● **Data to use**
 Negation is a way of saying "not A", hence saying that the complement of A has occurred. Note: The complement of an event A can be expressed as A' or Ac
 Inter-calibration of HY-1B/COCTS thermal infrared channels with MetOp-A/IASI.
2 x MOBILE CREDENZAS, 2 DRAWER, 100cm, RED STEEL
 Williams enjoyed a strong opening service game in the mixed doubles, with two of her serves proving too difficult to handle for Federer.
---
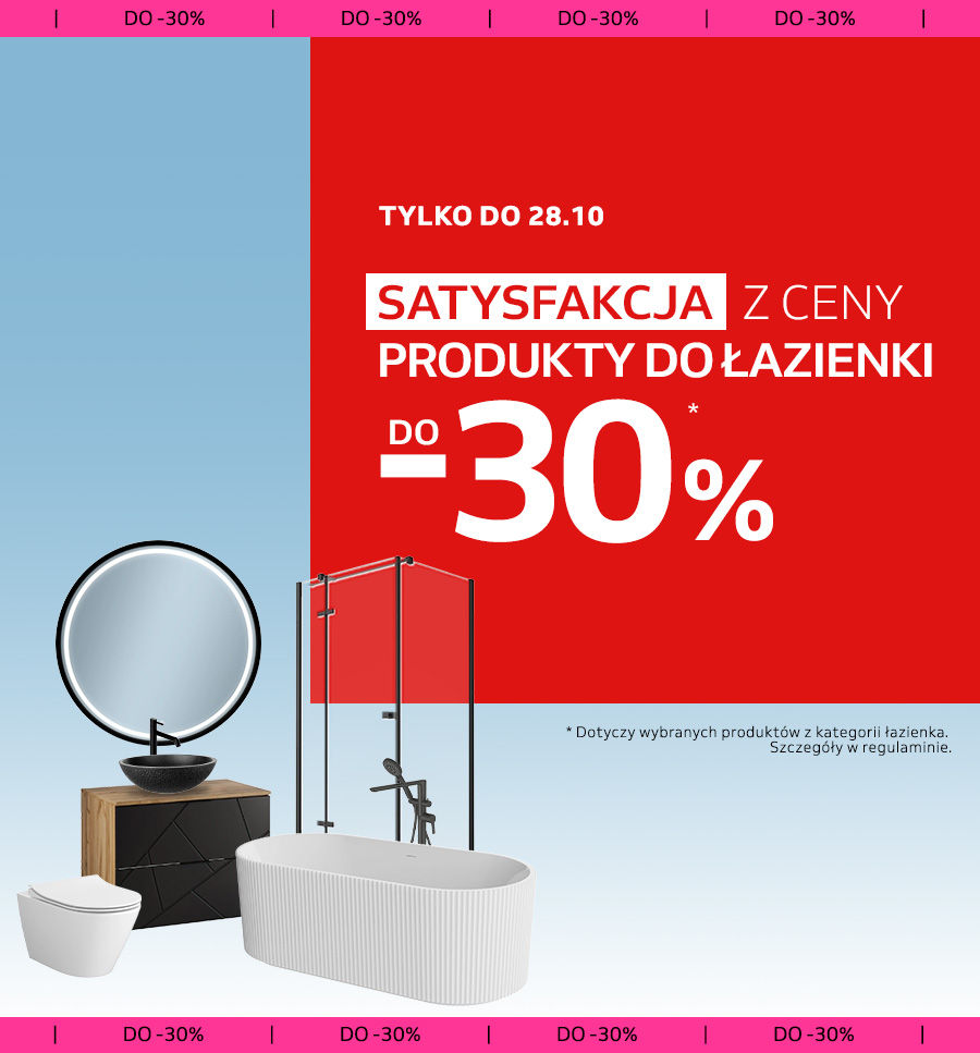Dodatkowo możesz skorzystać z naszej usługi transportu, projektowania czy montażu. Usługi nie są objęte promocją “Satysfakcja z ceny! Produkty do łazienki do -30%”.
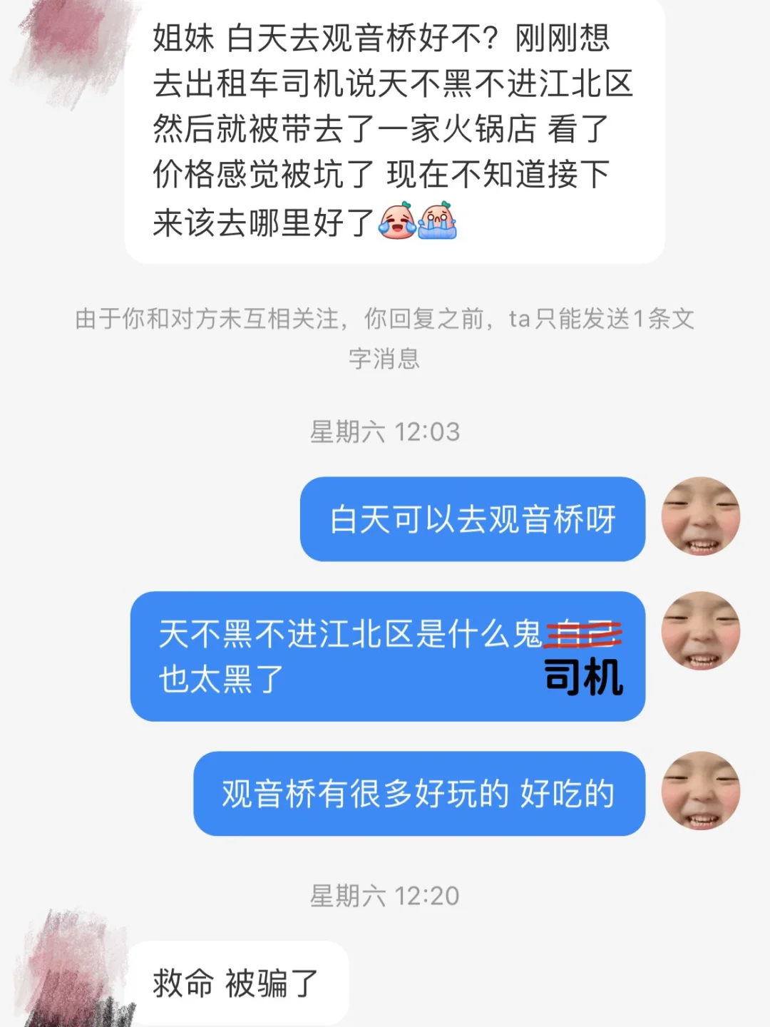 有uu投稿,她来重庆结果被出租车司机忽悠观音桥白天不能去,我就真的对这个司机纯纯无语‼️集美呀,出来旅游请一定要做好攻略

● **What you are asked to do**
Of all the entries above, repeat only the lines from the line that has "Inter-calibration of HY-1B/COCTS" to the line that has "Williams enjoyed a", both lines included, exactly.

● **Solution to the exercise**
 Inter-calibration of HY-1B/COCTS thermal infrared channels with MetOp-A/IASI.
2 x MOBILE CREDENZAS, 2 DRAWER, 100cm, RED STEEL
 Williams enjoyed a strong opening service game in the mixed doubles, with two of her serves proving too difficult to handle for Federer.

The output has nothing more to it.